Leaving out every picture, copy the lines of the material below exactly, from the line containing "and a pantry" through the line containing "HEX code #0D2013".

* _Record set_
━━━━━━━━━━
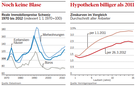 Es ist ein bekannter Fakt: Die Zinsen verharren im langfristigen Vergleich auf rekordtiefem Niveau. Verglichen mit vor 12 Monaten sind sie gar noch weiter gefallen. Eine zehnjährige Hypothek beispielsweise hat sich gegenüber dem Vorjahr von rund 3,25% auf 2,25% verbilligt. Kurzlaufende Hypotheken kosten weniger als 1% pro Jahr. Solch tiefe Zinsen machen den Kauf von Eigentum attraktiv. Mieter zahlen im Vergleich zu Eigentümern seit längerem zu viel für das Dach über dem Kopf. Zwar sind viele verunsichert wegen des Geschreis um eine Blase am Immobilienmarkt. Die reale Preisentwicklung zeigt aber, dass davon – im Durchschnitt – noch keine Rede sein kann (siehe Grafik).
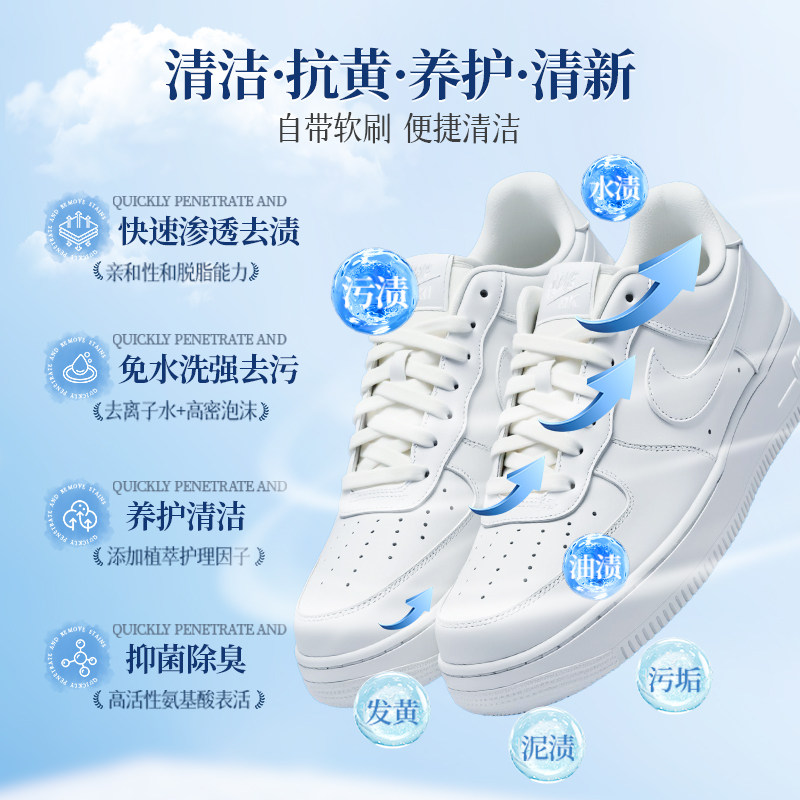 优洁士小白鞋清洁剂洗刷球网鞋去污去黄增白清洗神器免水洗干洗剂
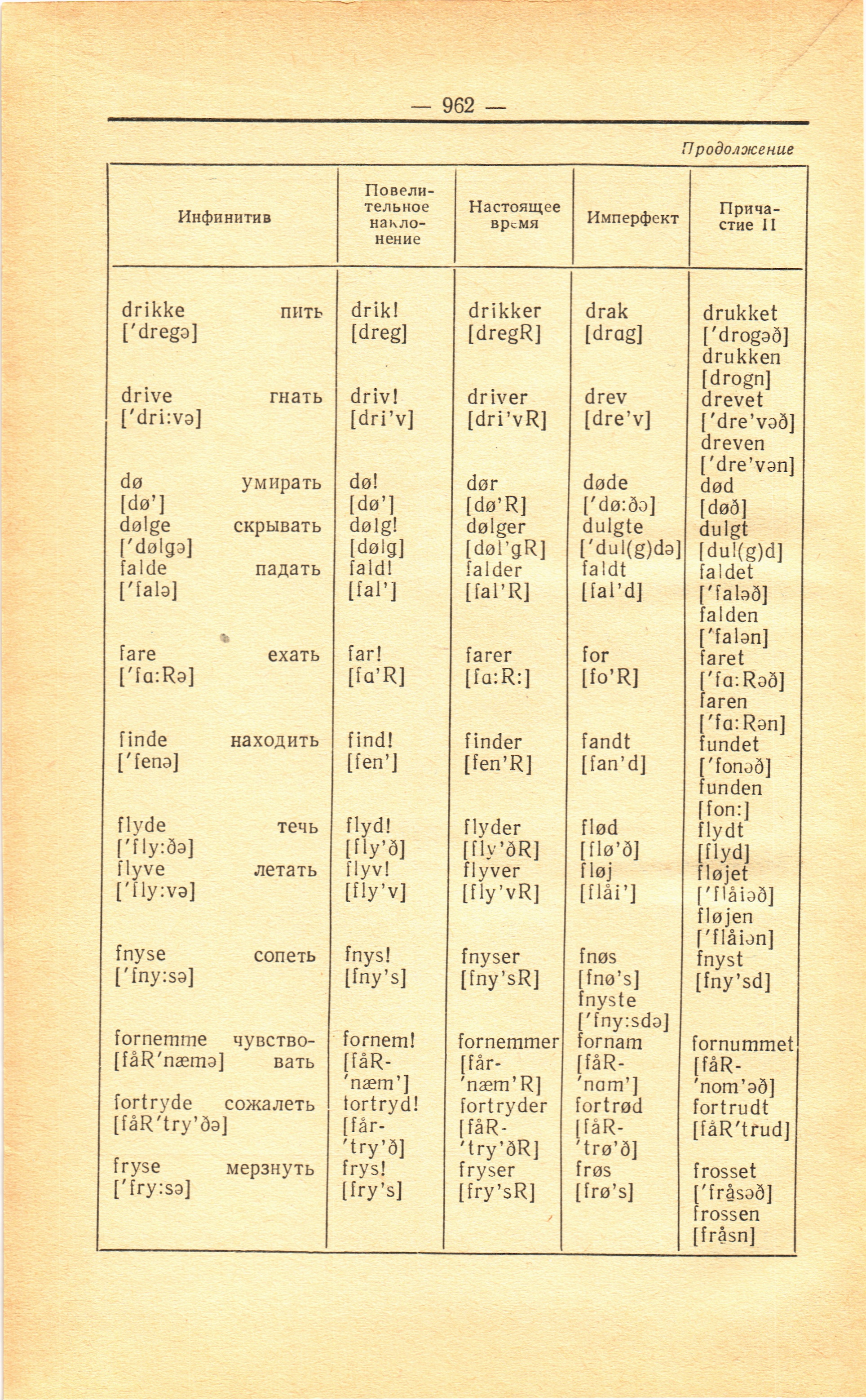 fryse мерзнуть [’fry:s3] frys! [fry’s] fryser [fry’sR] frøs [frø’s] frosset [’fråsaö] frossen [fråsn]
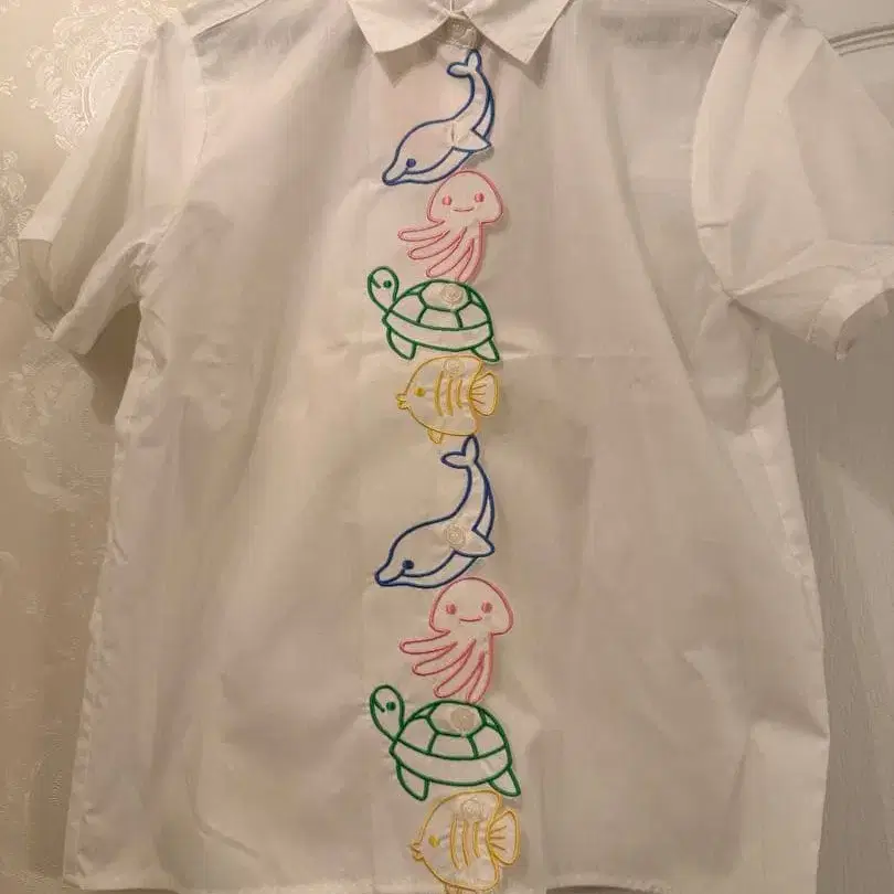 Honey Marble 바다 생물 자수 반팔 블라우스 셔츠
━━━━━━━━━━
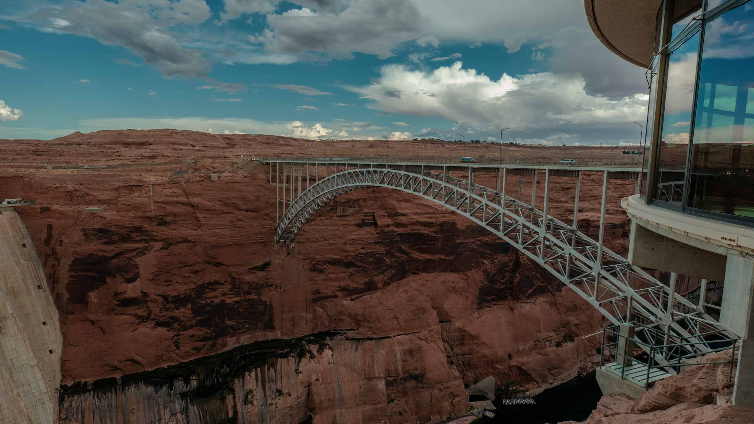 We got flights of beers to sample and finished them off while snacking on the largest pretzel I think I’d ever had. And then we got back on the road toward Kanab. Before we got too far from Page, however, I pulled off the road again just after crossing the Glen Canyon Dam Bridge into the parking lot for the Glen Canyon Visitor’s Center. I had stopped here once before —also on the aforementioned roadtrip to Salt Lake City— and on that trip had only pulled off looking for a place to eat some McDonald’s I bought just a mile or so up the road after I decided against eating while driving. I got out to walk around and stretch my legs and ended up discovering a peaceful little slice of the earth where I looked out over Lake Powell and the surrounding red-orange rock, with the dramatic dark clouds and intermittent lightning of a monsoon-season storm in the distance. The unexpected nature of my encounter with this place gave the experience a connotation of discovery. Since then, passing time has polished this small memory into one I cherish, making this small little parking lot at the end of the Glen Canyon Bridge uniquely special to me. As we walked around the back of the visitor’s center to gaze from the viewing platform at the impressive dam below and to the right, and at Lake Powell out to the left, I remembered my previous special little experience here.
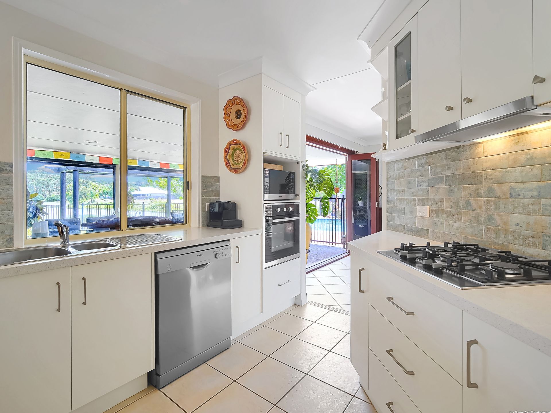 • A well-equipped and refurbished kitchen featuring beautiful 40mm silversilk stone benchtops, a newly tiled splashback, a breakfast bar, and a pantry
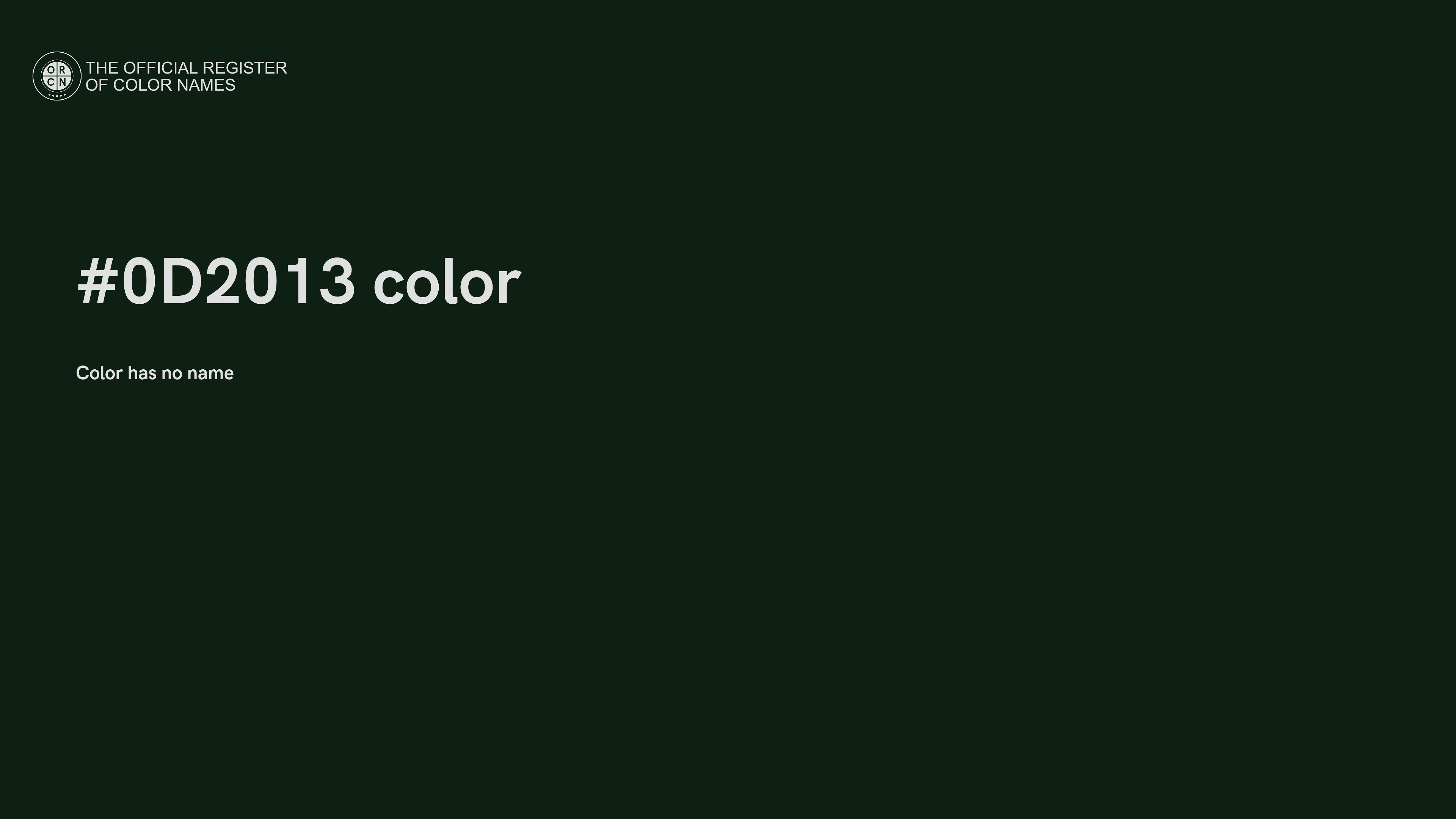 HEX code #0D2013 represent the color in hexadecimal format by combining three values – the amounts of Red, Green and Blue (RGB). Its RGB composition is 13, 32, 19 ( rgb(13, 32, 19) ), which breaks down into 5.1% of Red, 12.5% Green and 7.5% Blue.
━━━━━━━━━━
* _Answer space_
 • A well-equipped and refurbished kitchen featuring beautiful 40mm silversilk stone benchtops, a newly tiled splashback, a breakfast bar, and a pantry
 HEX code #0D2013 represent the color in hexadecimal format by combining three values – the amounts of Red, Green and Blue (RGB). Its RGB composition is 13, 32, 19 ( rgb(13, 32, 19) ), which breaks down into 5.1% of Red, 12.5% Green and 7.5% Blue.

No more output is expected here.